What’s more, Gorsuch added, the state “seeks to regulate the content” of that speech, barring Chiles from “speak[ing] in any way that attempts to change a client’s ‘sexual orientation or gender identity’—including a client’s ‘behaviors or gender expressions’—or in any way that seeks to ‘eliminate or reduce’ a client’s ‘sexual or romantic attraction or feelings toward individuals of the same sex.’”
The majority rejected the state’s contention that the conversion therapy ban targets conduct or medical treatments, rather than speech, and therefore should be subject to a more deferential standard of review. Although the ban “may address conduct—such as aversive physical interventions” – Gorsuch wrote, Chiles “seeks to engage only in speech, and as applied to her the law regulates what she may say,” as well as “what views she may and may not express.” “Colorado,” Gorsuch concluded, “does not regulate speech incident to conduct; it regulates ‘speech as speech.’”
Gorsuch recognized that “Ms. Chiles remains free to say other things” – including criticism of the Colorado ban and encouraging clients “to seek advice from someone else” who is not a licensed therapist. “But true as all that may be,” Gorsuch emphasized, Chiles “cannot voice certain ‘perspective[s]’ the State disfavors when speaking with consenting clients. And, under our precedents,” Gorsuch wrote, “viewpoint restrictions like that are not subject to mere rational-basis review or intermediate scrutiny. Rather, they represent ‘an egregious form of content discrimination’ where First Amendment concerns are at their most ‘blatant.’”
Justice Elena Kagan joined the Gorsuch opinion, but she also penned a four-page concurring opinion that was joined by Justice Sonia Sotomayor. She agreed with the majority that “the Colorado law challenged here, as applied to talk therapy, conflicts with core First Amendment principles because it regulates speech based on viewpoint.” Kagan suggested, however, that “if Colorado had instead enacted a content-based but viewpoint-neutral law, it would raise a different and more difficult question.”

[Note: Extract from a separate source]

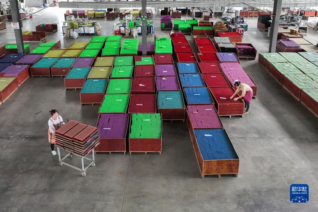 5月14日,工人在贵州岑巩经济开发区一家电气公司生产车间忙碌(无人机照片)。新华社发(罗慧 摄)
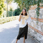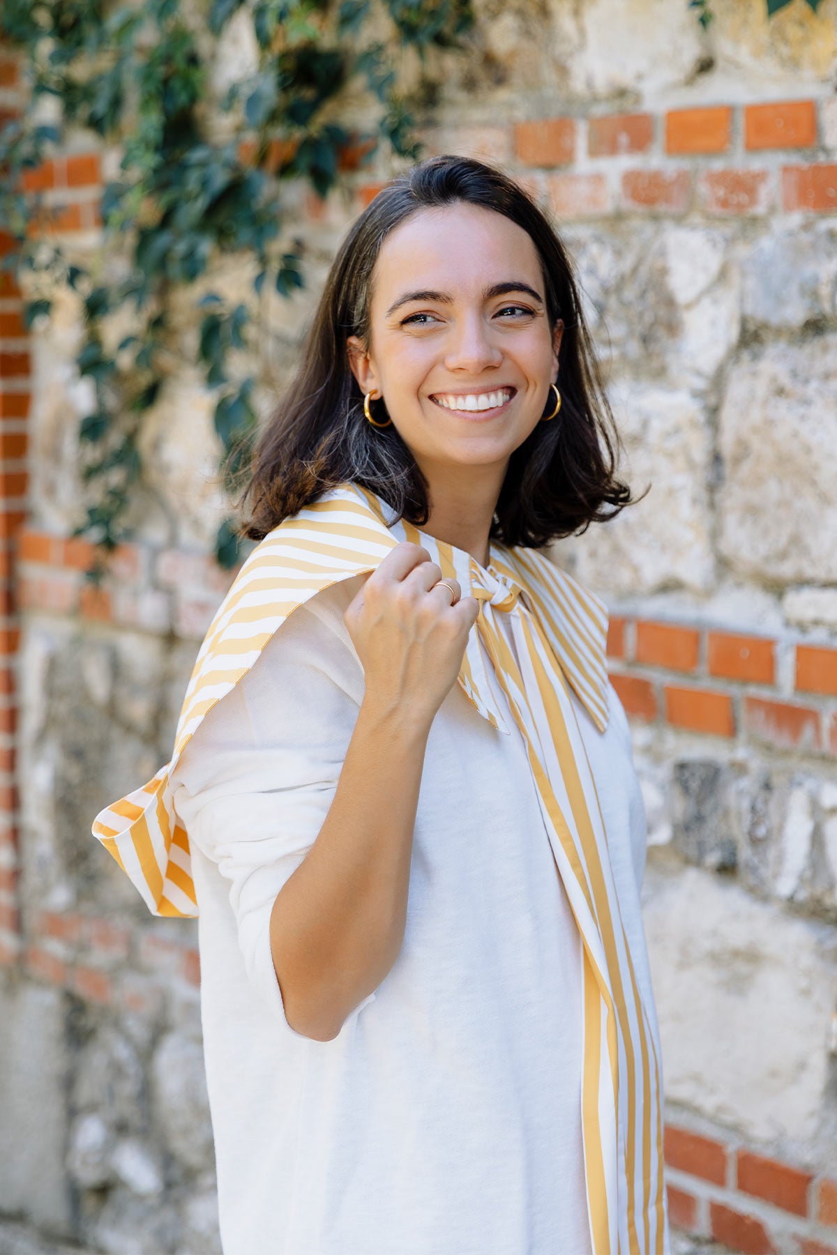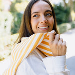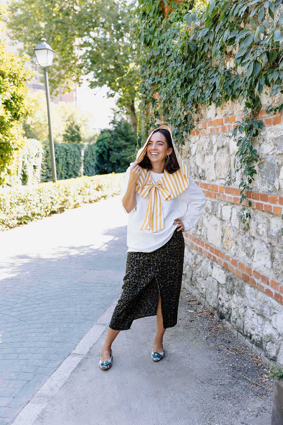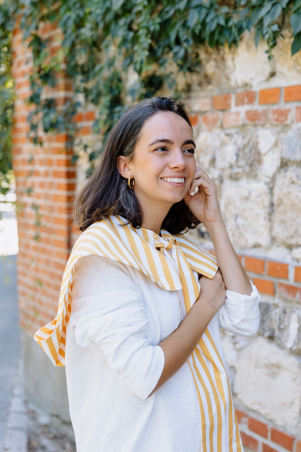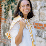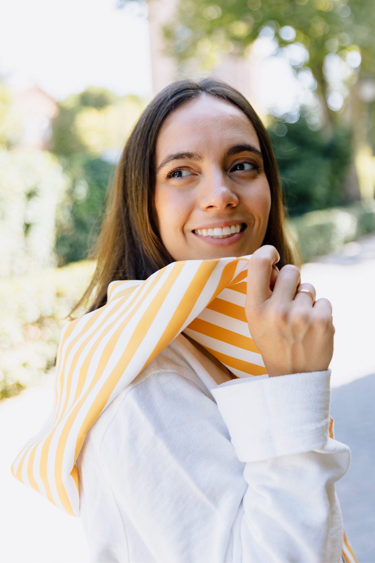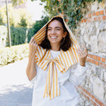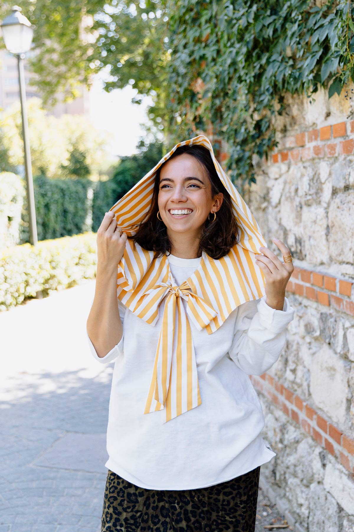 Maxi capucha diseñada y confeccionada 100% en nuestros talleres de España. Está elaborada con tejido de raso con estampado de rayas amarillas y blancas y soportada en sarga. Presenta un maxi lazo como cierre. Es el accesorio ideal para dar un toque original a tus looks de temporada.

In her 35-page dissent, Jackson contended that the Gorsuch opinion “finds, at bottom, that Colorado likely cannot legislate to protect the children of its State if, by doing so, it happens to keep state-licensed healthcare providers from saying what they want to say to minors. And the majority’s holding means, in effect, that just because Chiles is a talk therapist—and not, say, a surgeon—a State can be prevented from incidentally imposing reasonable restrictions on the treatments she provides. Our precedents do not compel this conclusion.”